WHAT YOU ARE ASKED TO DO
The whole listing that follows, pictures excepted, should be printed again exactly as given.

DATA EXCERPT
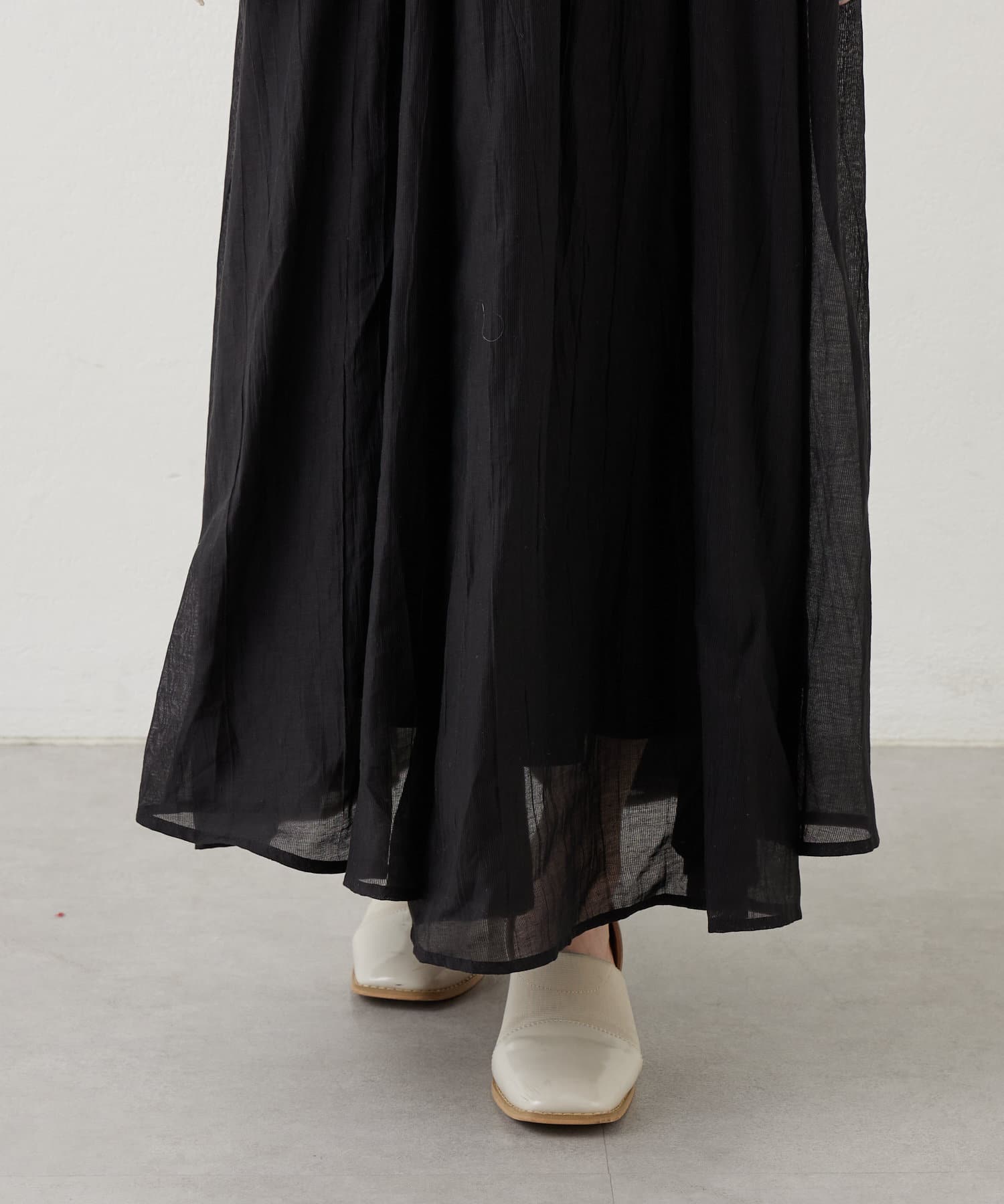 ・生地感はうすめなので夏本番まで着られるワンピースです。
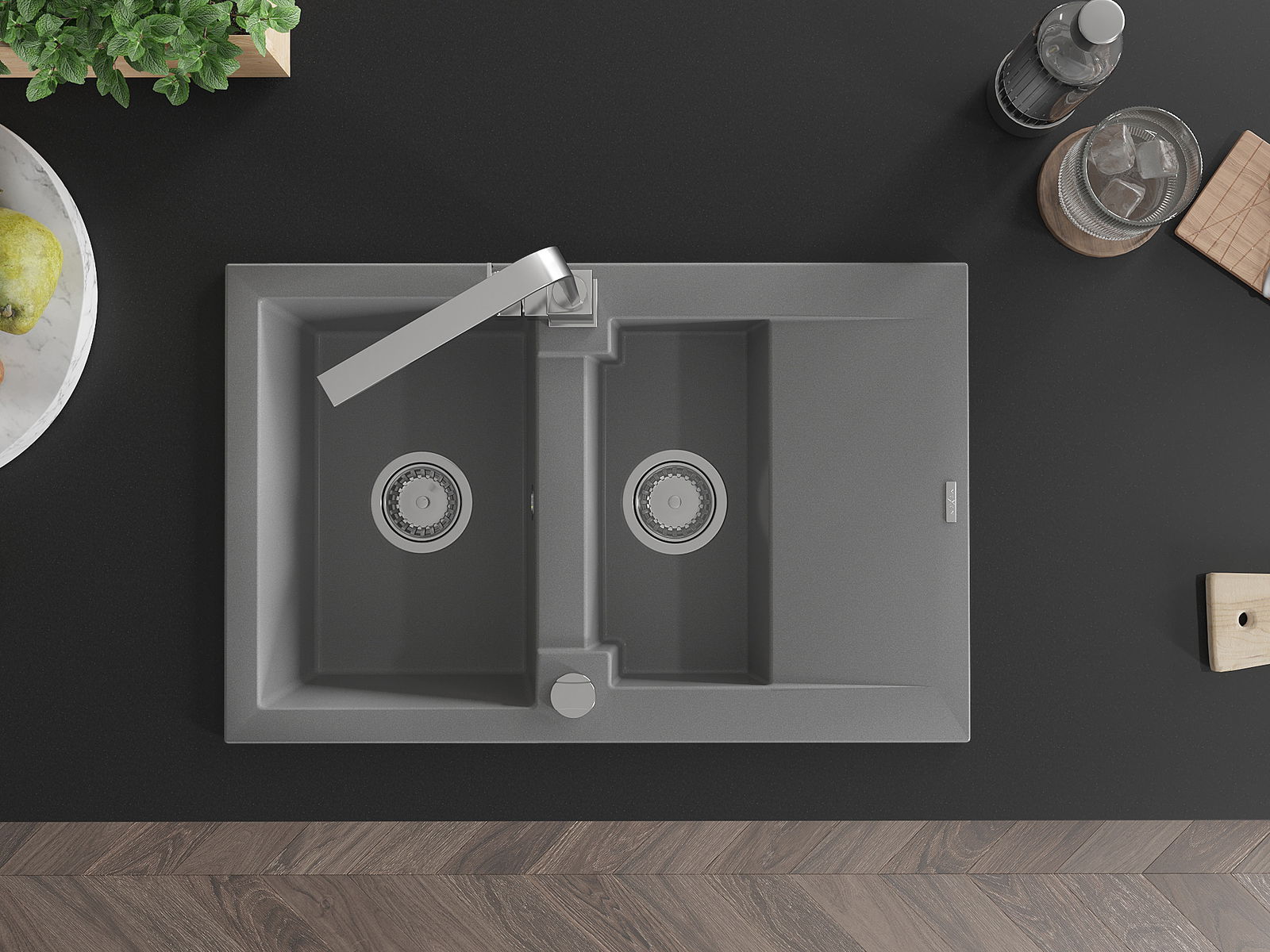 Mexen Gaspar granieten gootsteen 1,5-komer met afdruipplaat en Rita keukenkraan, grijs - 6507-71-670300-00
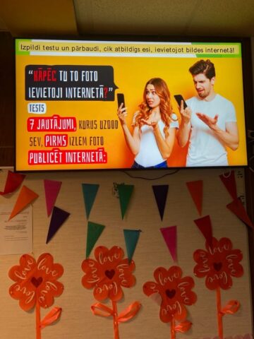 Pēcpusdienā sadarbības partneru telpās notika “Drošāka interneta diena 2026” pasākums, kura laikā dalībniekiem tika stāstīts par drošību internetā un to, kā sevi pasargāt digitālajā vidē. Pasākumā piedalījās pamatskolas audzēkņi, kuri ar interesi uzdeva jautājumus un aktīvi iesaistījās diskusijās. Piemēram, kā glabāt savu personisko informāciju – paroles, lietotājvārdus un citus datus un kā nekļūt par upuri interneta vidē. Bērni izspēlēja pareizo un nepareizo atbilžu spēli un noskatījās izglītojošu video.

SOLUTION FOR THIS EXERCISE
 ・生地感はうすめなので夏本番まで着られるワンピースです。
 Mexen Gaspar granieten gootsteen 1,5-komer met afdruipplaat en Rita keukenkraan, grijs - 6507-71-670300-00
 Pēcpusdienā sadarbības partneru telpās notika “Drošāka interneta diena 2026” pasākums, kura laikā dalībniekiem tika stāstīts par drošību internetā un to, kā sevi pasargāt digitālajā vidē. Pasākumā piedalījās pamatskolas audzēkņi, kuri ar interesi uzdeva jautājumus un aktīvi iesaistījās diskusijās. Piemēram, kā glabāt savu personisko informāciju – paroles, lietotājvārdus un citus datus un kā nekļūt par upuri interneta vidē. Bērni izspēlēja pareizo un nepareizo atbilžu spēli un noskatījās izglītojošu video.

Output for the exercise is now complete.